⟨

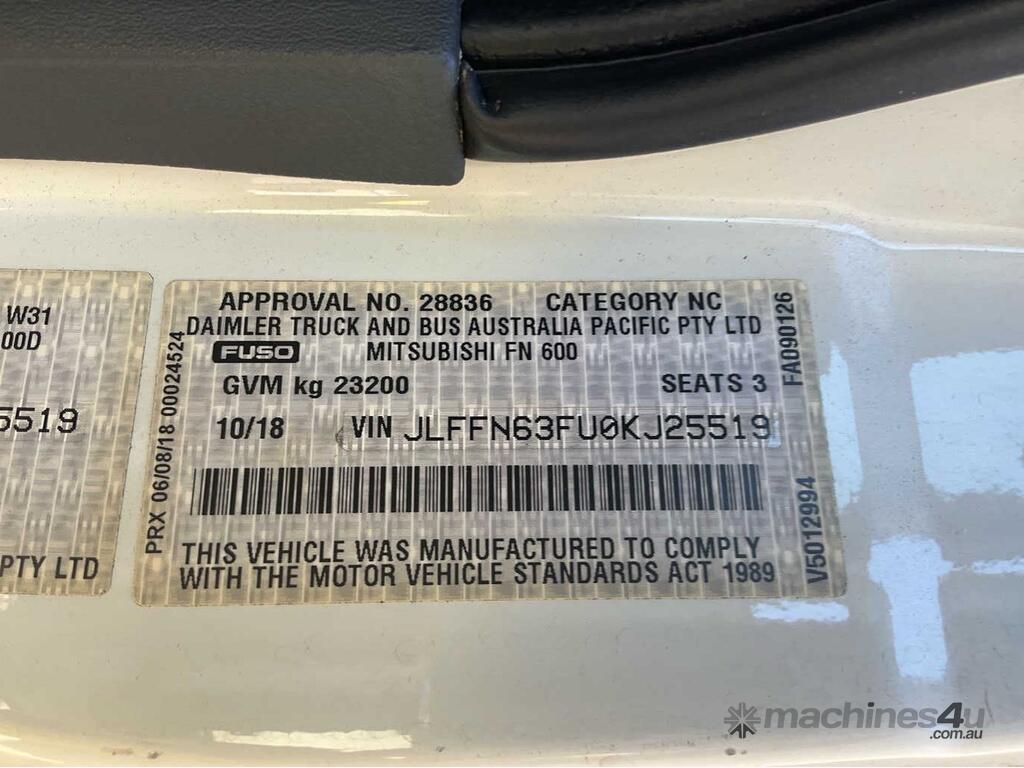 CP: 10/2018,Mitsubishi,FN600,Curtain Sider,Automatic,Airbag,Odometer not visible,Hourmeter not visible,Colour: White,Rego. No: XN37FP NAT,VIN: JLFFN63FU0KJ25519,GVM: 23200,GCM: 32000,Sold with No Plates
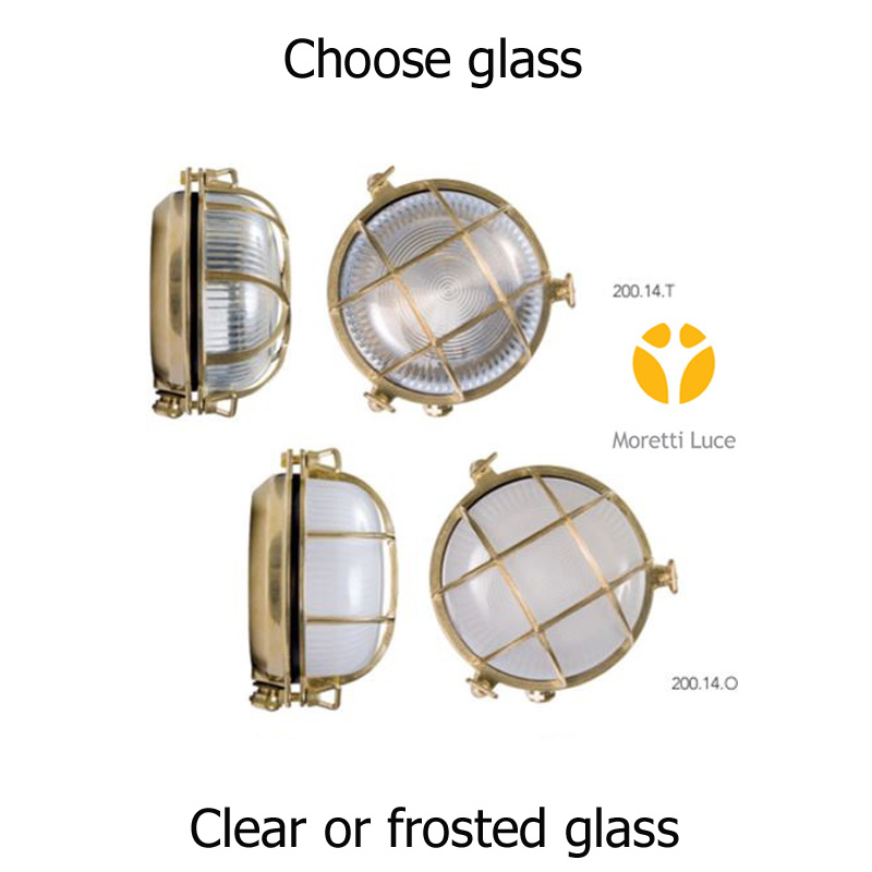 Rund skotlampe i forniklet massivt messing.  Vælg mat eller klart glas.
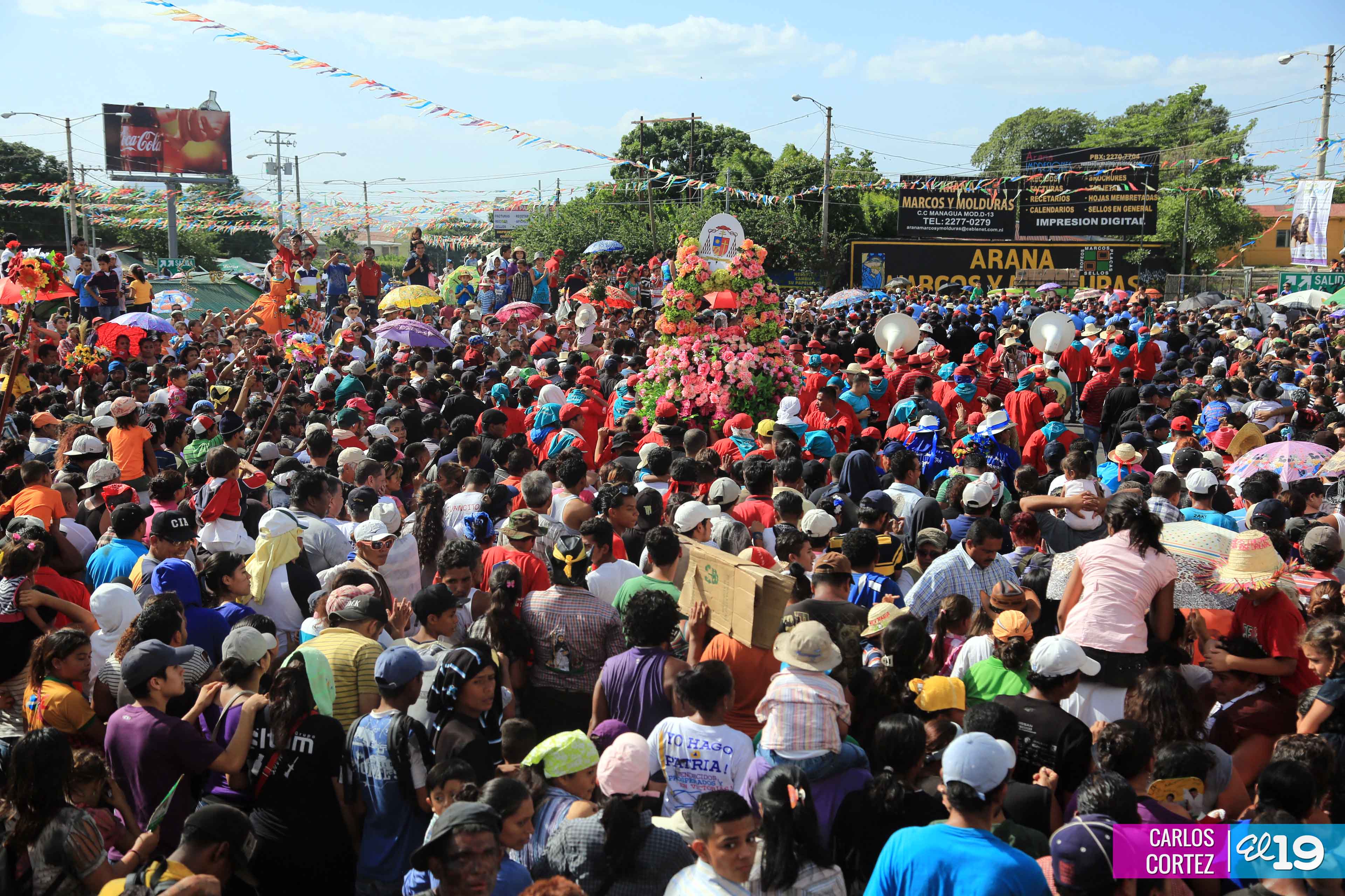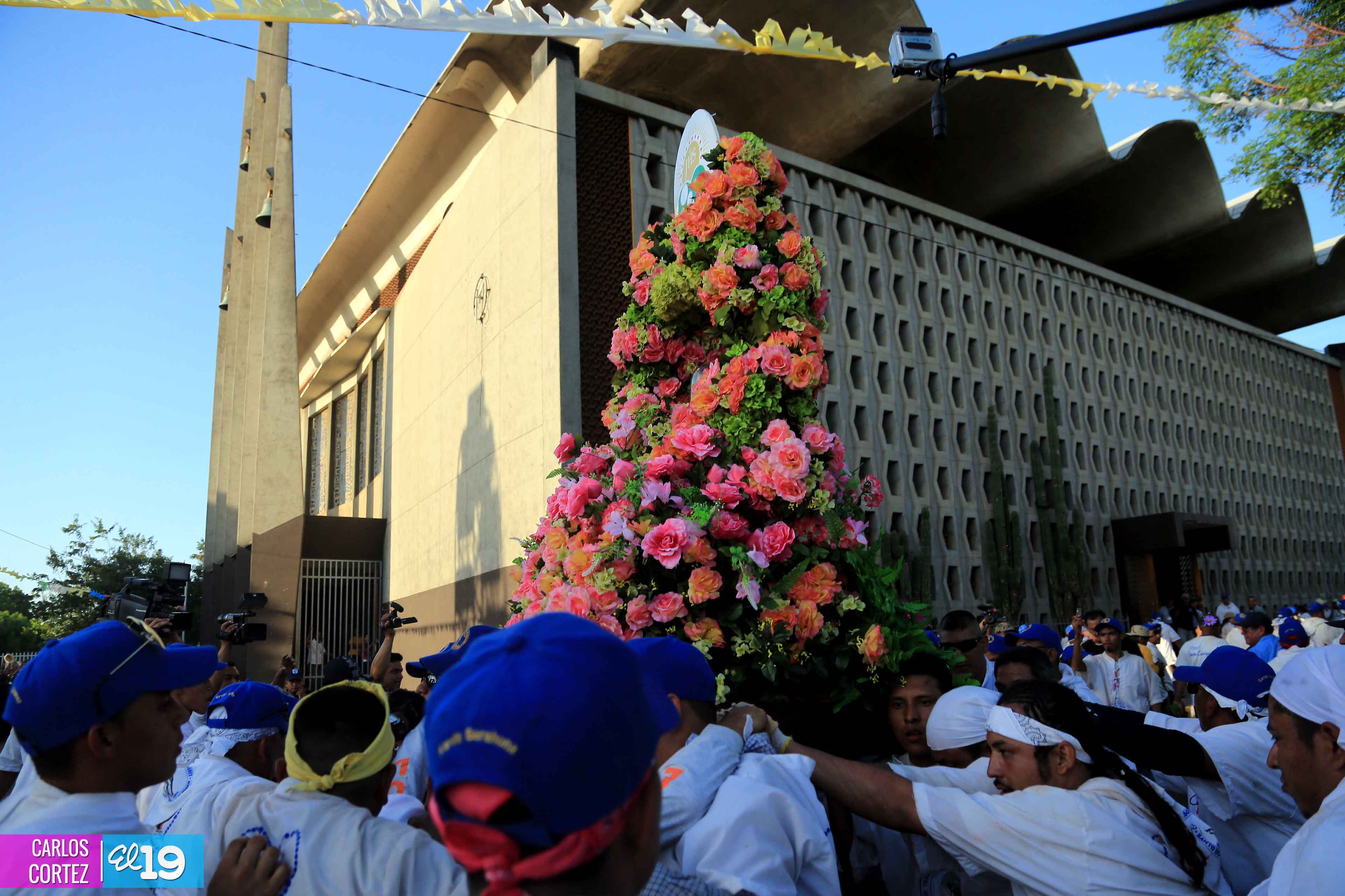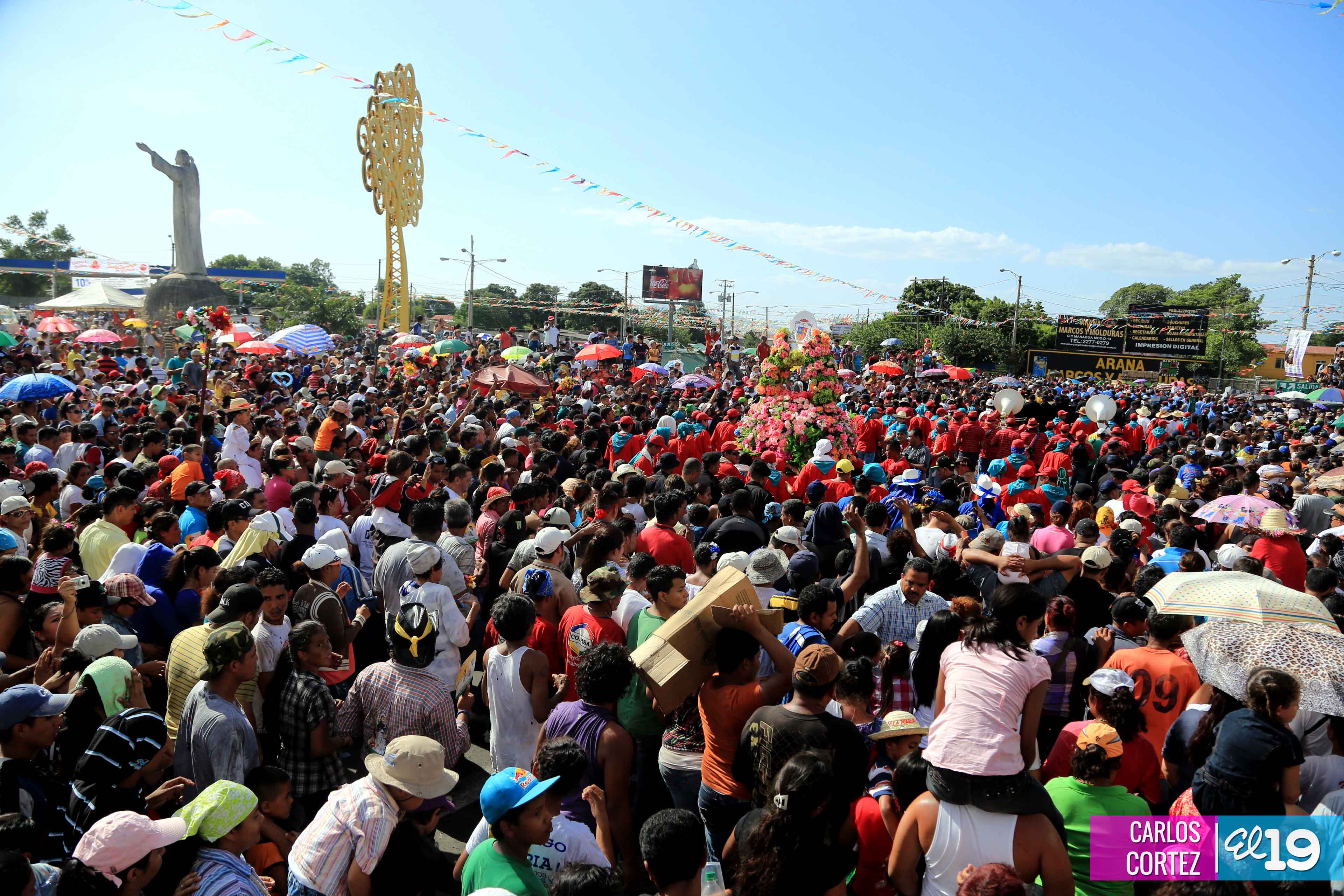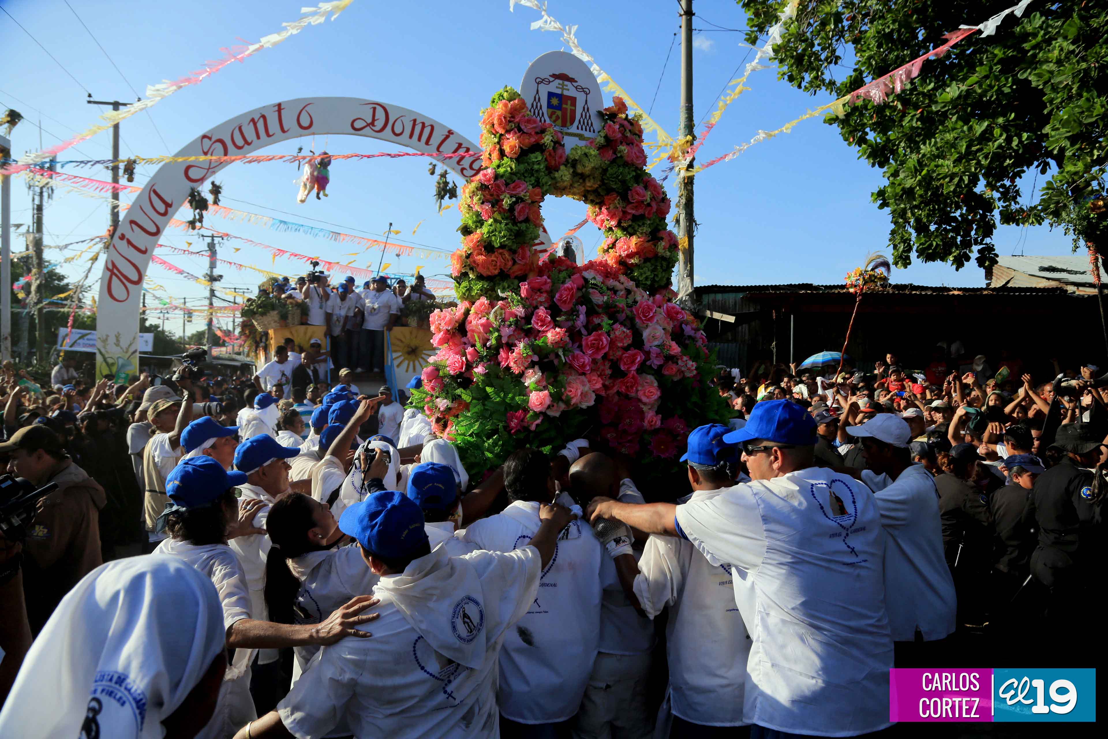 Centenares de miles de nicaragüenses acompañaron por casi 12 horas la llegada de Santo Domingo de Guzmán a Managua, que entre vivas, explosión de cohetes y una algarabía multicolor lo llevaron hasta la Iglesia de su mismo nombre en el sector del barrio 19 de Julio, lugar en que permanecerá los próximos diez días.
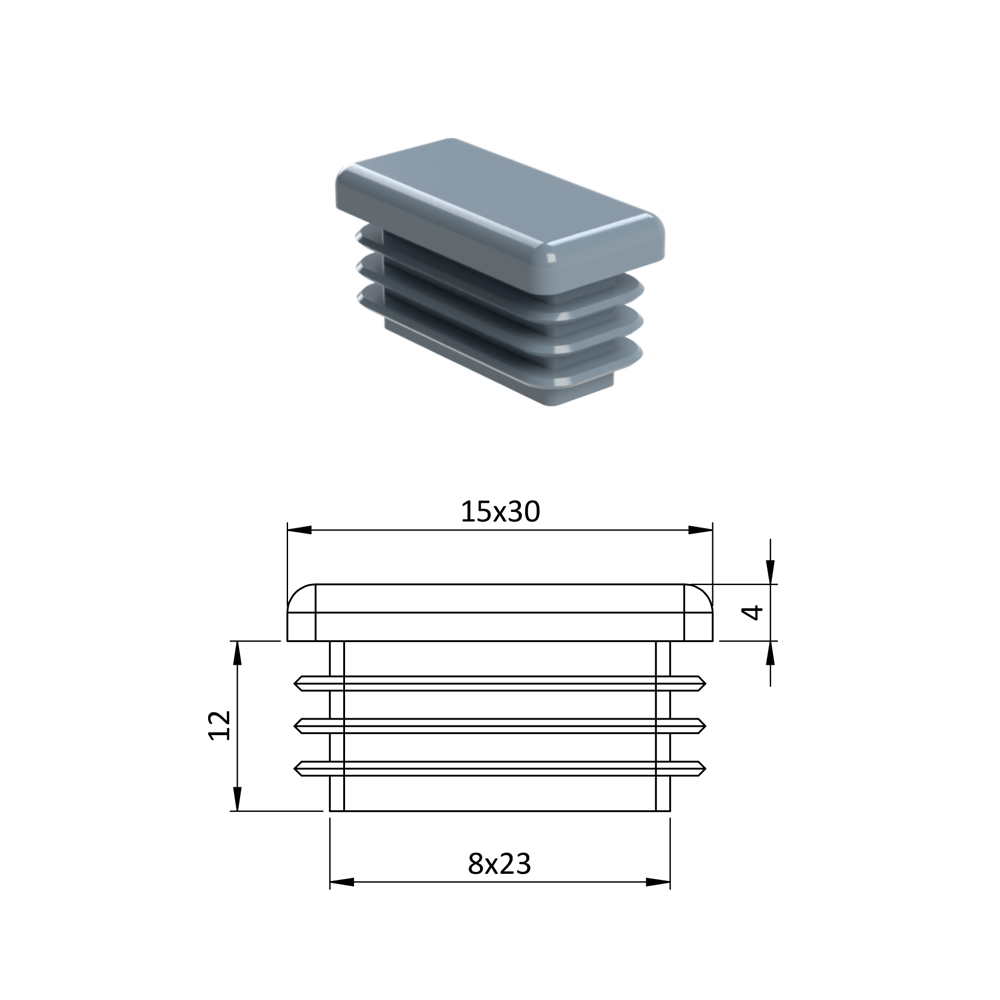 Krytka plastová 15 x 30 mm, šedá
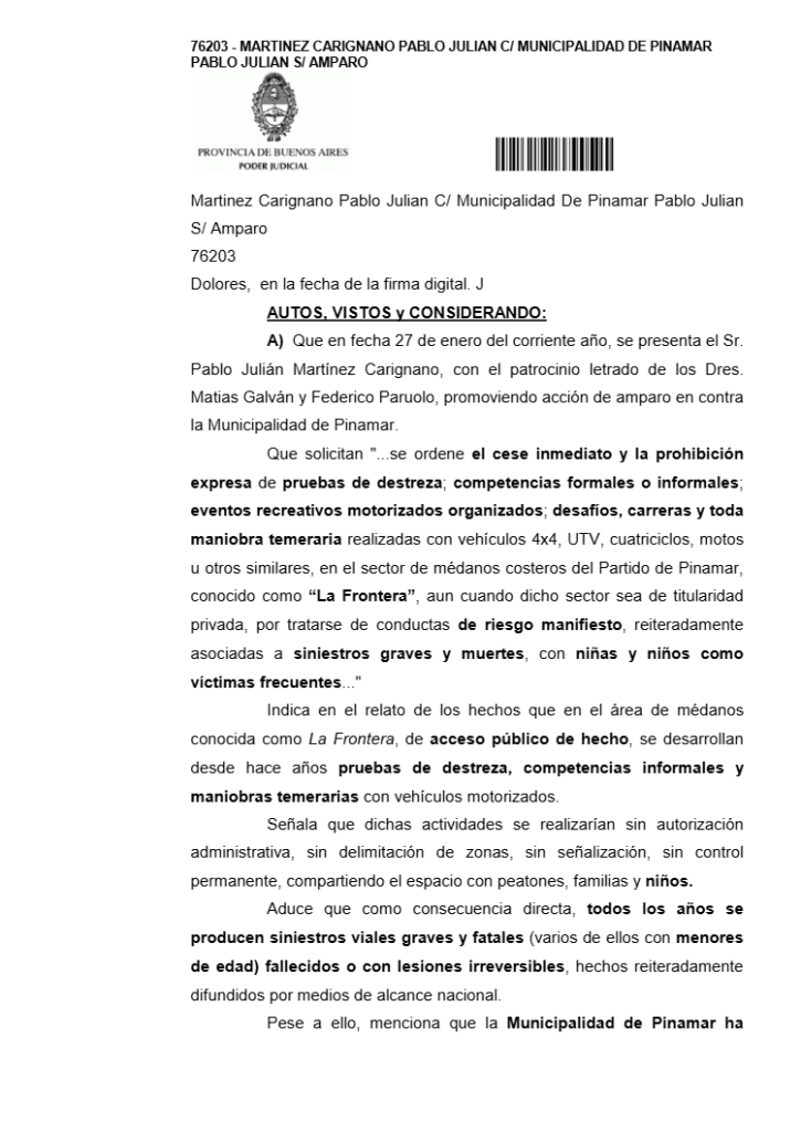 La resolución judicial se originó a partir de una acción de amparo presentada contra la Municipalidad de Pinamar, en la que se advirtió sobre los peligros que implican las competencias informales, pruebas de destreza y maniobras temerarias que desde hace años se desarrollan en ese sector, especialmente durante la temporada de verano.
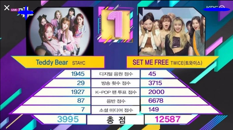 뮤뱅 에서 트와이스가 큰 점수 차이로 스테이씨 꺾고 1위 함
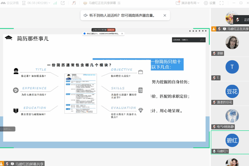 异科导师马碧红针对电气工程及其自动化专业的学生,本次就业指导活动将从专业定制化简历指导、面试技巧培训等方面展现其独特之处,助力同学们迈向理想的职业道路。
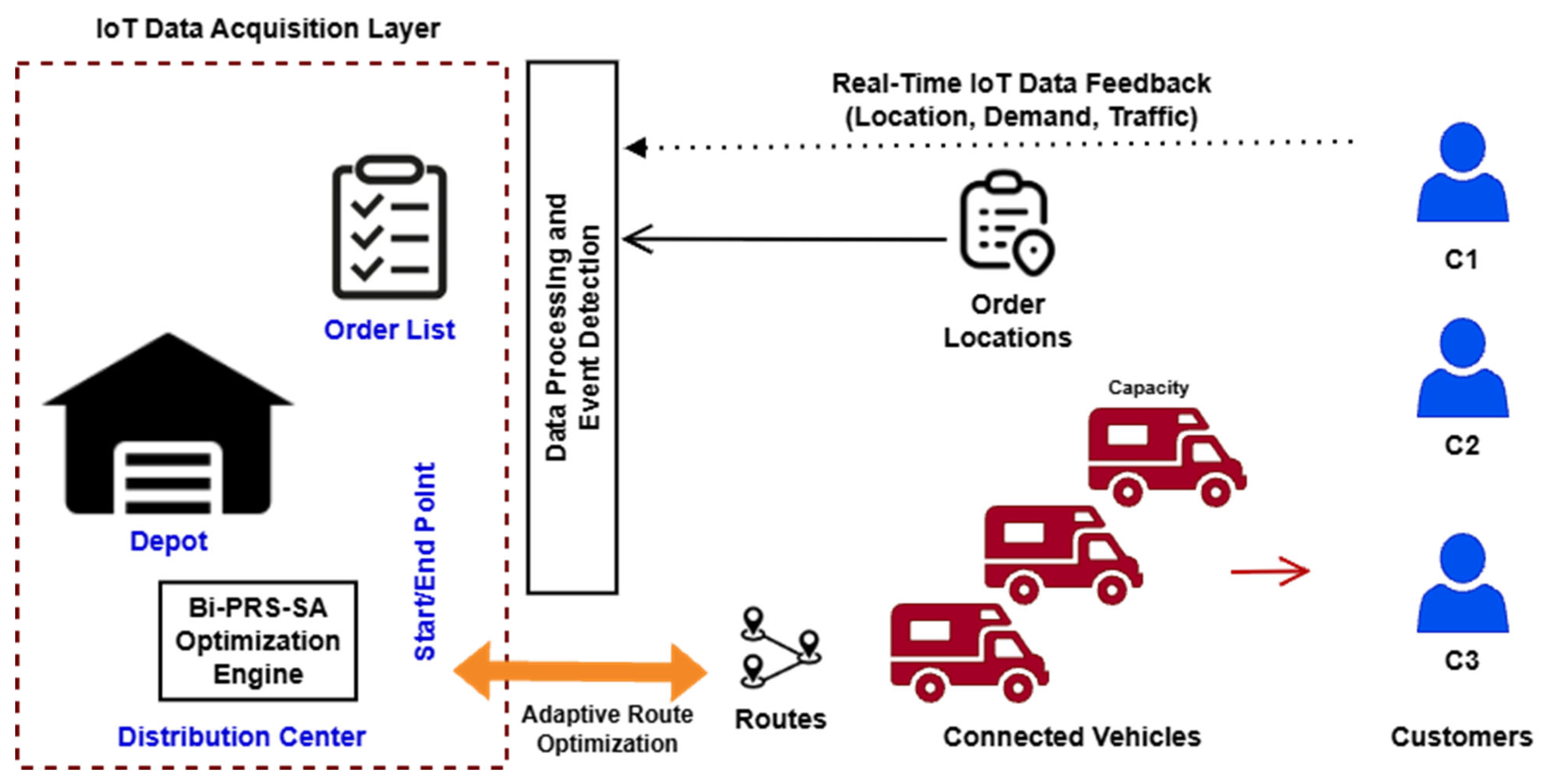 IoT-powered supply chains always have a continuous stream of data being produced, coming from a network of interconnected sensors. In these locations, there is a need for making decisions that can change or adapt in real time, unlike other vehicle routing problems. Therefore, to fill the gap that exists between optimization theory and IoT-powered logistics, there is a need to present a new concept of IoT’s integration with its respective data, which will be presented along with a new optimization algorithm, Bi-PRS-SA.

⟩

(Task prompt): I'd like the lines above repeated exactly, from the one that contains "La resolución judicial" through the one that contains "异科导师马碧红针对电气工程及", with no pictures.

(Task solution):
 La resolución judicial se originó a partir de una acción de amparo presentada contra la Municipalidad de Pinamar, en la que se advirtió sobre los peligros que implican las competencias informales, pruebas de destreza y maniobras temerarias que desde hace años se desarrollan en ese sector, especialmente durante la temporada de verano.
 뮤뱅 에서 트와이스가 큰 점수 차이로 스테이씨 꺾고 1위 함
 异科导师马碧红针对电气工程及其自动化专业的学生,本次就业指导活动将从专业定制化简历指导、面试技巧培训等方面展现其独特之处,助力同学们迈向理想的职业道路。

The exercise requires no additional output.